Butternut squash or sweet potatoes? That’s a tough autumn call. When your parents are stock piling both from the late summer garden, luckily the choice only comes on the basis of making recipes like this one. For this, I chose to go with butternut squash, letting the primary sweetness shine through from the coconut milk. Though, I have a feeling sweet potatoes would work too, or perhaps you’d like to opt for a combo.
One decision you don’t need to debate over is what variety of coconut milk to choose. Unless you’re drinking the stuff down on a daily basis, go for a can of the regular, full-fat. I’m all for healthy, low-fat recipes, but the light type just won’t cut it here. You need the sweetness and creaminess of the original. Everything in moderation, and I think we can all agree that the rest of the ingredients make this one nutritious meal. And satisfying, too.
Pair with your favorite grain.

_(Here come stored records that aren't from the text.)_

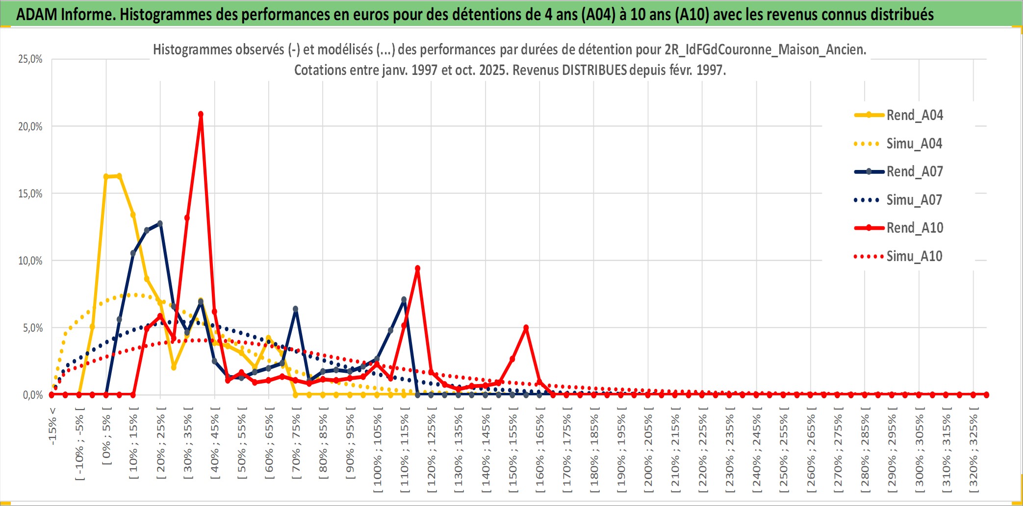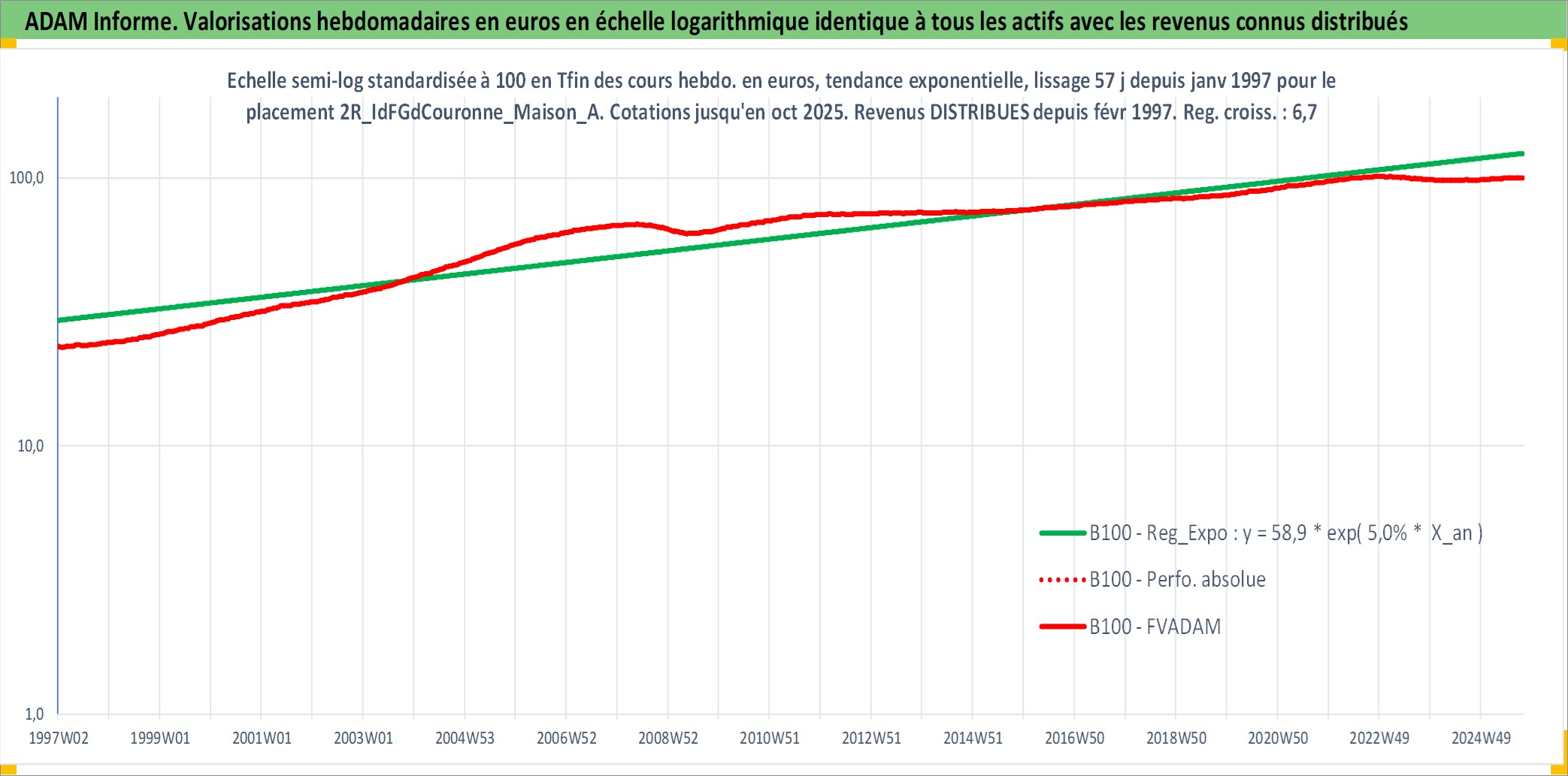 Site dédié aux investisseursPage dédiée sur site financeAnalyse des valorisations hebdomadaires de l'actif 2R_IdFGdCouronne_Maison_Ancien. Cet actif est cote en EUR. Les valorisations couvrent les semaines 1997W01 a 2025W40. Les loyers de cet actif immobilier sont pris egaux a 3,33% annuels de la valeur venale du logement.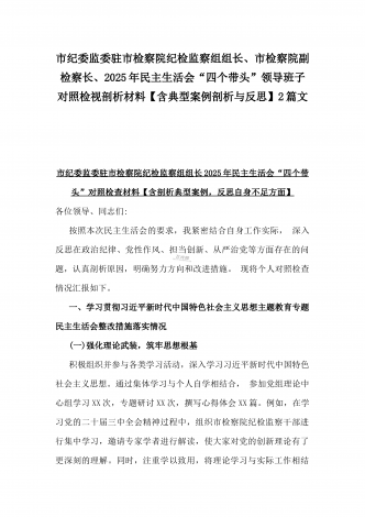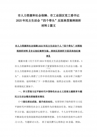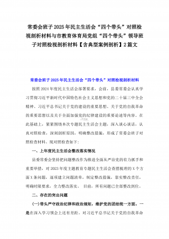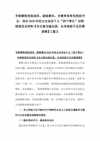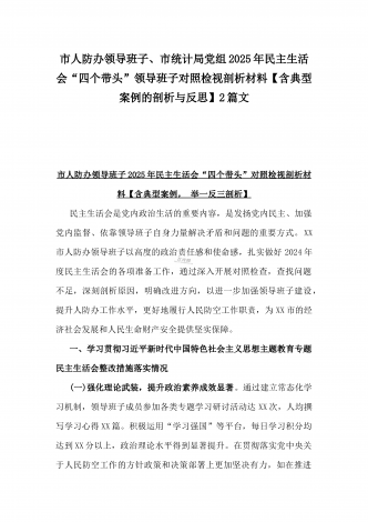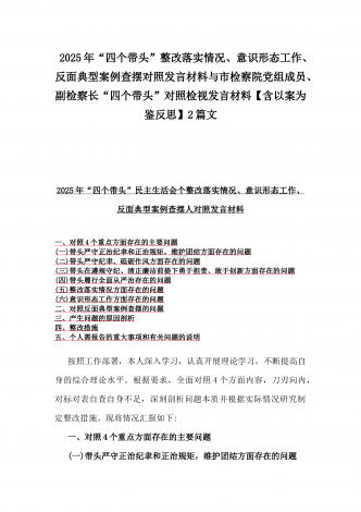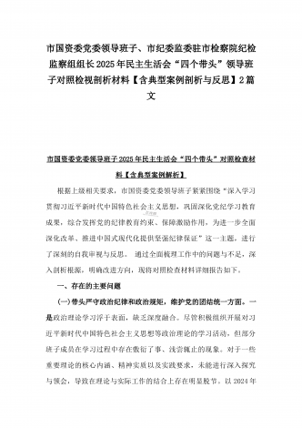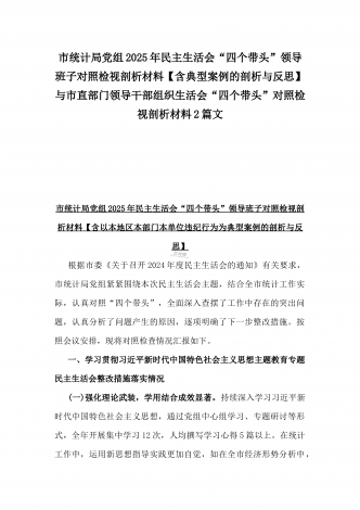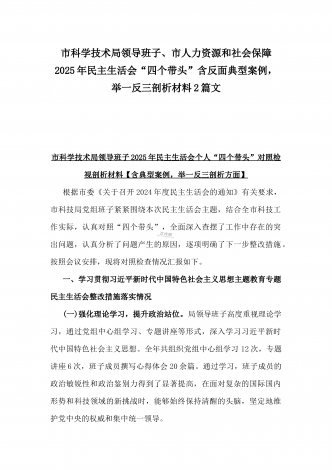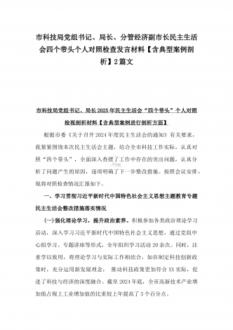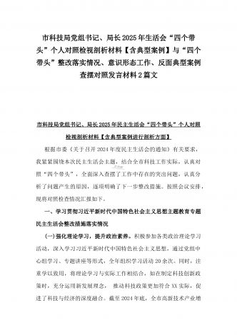 市科技局党组书记、局长2025年生活会“四个带头”个人对照检视剖析材料【含典型案例】与“四个带头”整改落实情况、意识形态工作、反面典型案例查摆对照发言材料2篇文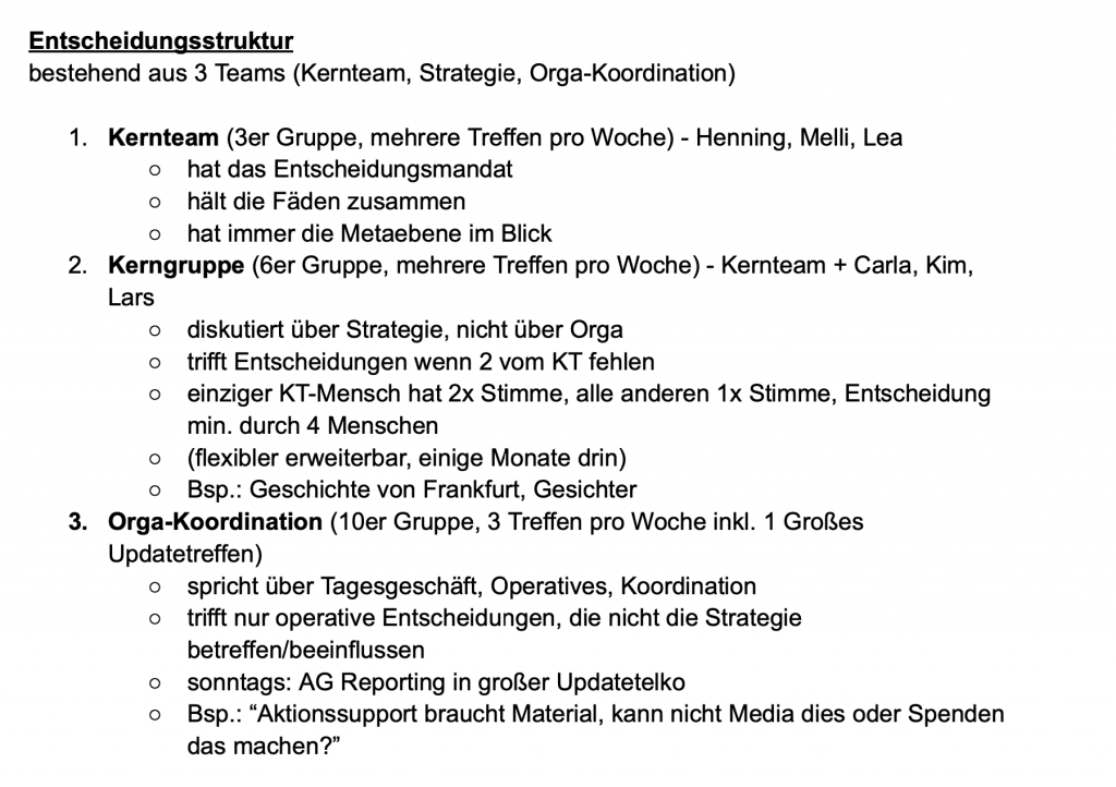 Ranghöchstes Team ist das 3-köpfige „Kernteam“, ihm gehören Henning Jeschke, Melanie Guttmann und Lea Bonasera an. Dieses „Kernteam“ habe dabei das „Entscheidungsmandat“ und treffe für die Organisation Entscheidungen, heißt es in internen Dokumenten. Es habe zudem die „Metaebene im Blick“.

I chose millet to play up the nuttiness of the butternut, but basmati rice would serve as a nice side as well.

Asian Pasta With Tofu, Mushrooms and Broccoli

How I had all these ingredients miraculously in my kitchen before making this recipe, I don’t know. But even if you don’t, it’s worth a trip to the store to gather the power that makes these soba noodles shine.

Soba noodles are my favorite because of this chewable texture they have. With regular al dente pasta, sometimes I feel like I’m chewing for ever. Soba’s different. It’s not soft or mushy, but it’s also not jaw-aching, and it also has this great nutty flavor that goes well with Asian cuisine.

This Asian-inspired dish is packed with flavor. Between the ginger, mushrooms, cilantro and sesame oil, there’s no need to worry that the tofu will turn out bland. Feel free to get creative and add others vegetables you might have on hand, like snow peas or water chestnuts. Sadly, those were two items I did not have in my fridge at the time, but I’m sure they’d make great additions.